Rabu 08 Mar 2017 17:45 WIB

Curahan Hati Suku Kamoro yang Sungainya Tercemar Limbah Freeport

Rep: Sapto Andika Candra/ Red: Andi Nur Aminah
Perwakilan masyarakat adat Suku Amungme dan Kamoro, dua suku yang terdampak aktivitas pertambangan PT Freeport Indonesia, melakukan dialog dengan Kementerian ESDM. Rabu (8/3).
Foto: Republika/Sapto Andika Candra
Perwakilan masyarakat adat Suku Amungme dan Kamoro, dua suku yang terdampak aktivitas pertambangan PT Freeport Indonesia, melakukan dialog dengan Kementerian ESDM. Rabu (8/3).

REPUBLIKA.CO.ID, JAKARTA - Sebanyak 21 perwakilan dari masyarakat adat Suku Amungme dan Suku Kamoro diundang Kementerian Energi dan Sumber Daya Mineral (ESDM) untuk menyampaikan pemikiran dan pengalaman mereka terkait aktivitas pertambangan yang dilakukan PT Freeport Indonesia selama ini. Hasil "curahan hati" dari masyarakat adat, rata-rata dari mereka justru mendorong pemerintah menghentikan operasi pertambangan PTFI di Tembagapura, Mimika, Papua. 

Permintaan masyarakat adat untuk menghentikan kegiatan penambangan emas dan tembaga di Papua bukan tanpa alasan.
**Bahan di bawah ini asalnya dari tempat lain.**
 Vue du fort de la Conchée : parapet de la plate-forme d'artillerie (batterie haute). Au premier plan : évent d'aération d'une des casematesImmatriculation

Salah satu perwakilan dari Suku Kamoro, Alegonda, bercerita bahwa bentang alam dan kondisi lingkungan yang ada di sekitar Pegunungan Jaya Wijaya terutama di sekitar wilayah kerja PT Freeport Indonesia sudah berbeda sama sekali. 

Ia mengisahkan, dahulu masyarakat adat setempat terbiasa memanfaatkan hasil alam untuk memenuhi kebutuhan sehari-hari termasuk ikan yang hidup di Sungai Ajkwa atau tanaman yang menghijau di bukit-bukti. Namun kini semuanya terpangkas menjadi jalan atau area operasional PT Freeport Indonesia. 
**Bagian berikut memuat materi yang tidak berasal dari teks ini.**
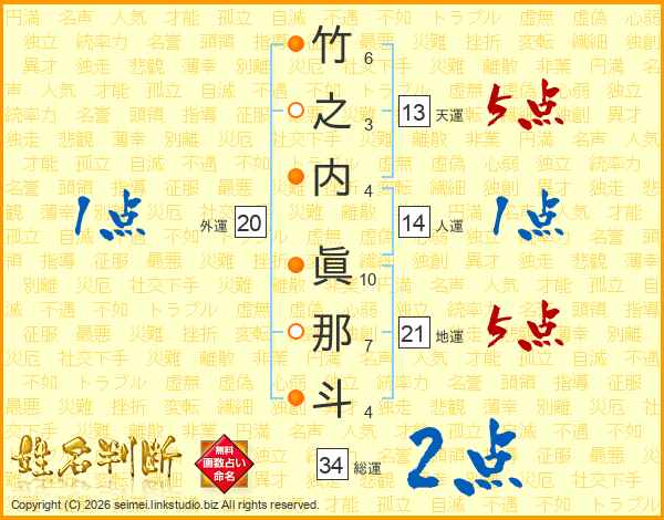 竹(6画)之(3画)内(4画) 眞(10画)那(7画)斗(4画)

"Semua itu yang dulu dinikmati leluhur, sekarang tinggal sedikit. Saya minta Freeport ditutup. Saya minta perusahaan dan pemerintah kembalikan alam saya yang punah seperti dulu," ujarnya di depan sejumlah pejabat Kementerian ESDM yang mewakili Menteri ESDM Ignasius Jonan. 

Apalagi, lanjutnya, operasional PT Freeport Indonesia juga memotong jalur yang sebelumnya digunakan oleh masyarakat adat dalam melakukan transportasi atau distribusi kebutuhan sehari-hari. Kondisi saat ini, masyarakat harus berputar lebih jauh untuk bisa mengunjungi kota demi membeli kebutuhan pokok. 

"Transportasi saya dari kampung ke kampung atau ke kota tidak lagi berjalan baik. Saya tolong dengan hormat lestarikan lagi alam kami. Pohon sagu yang mati, hidupkan kembali untuk anak cucuk kami," ujarnya. 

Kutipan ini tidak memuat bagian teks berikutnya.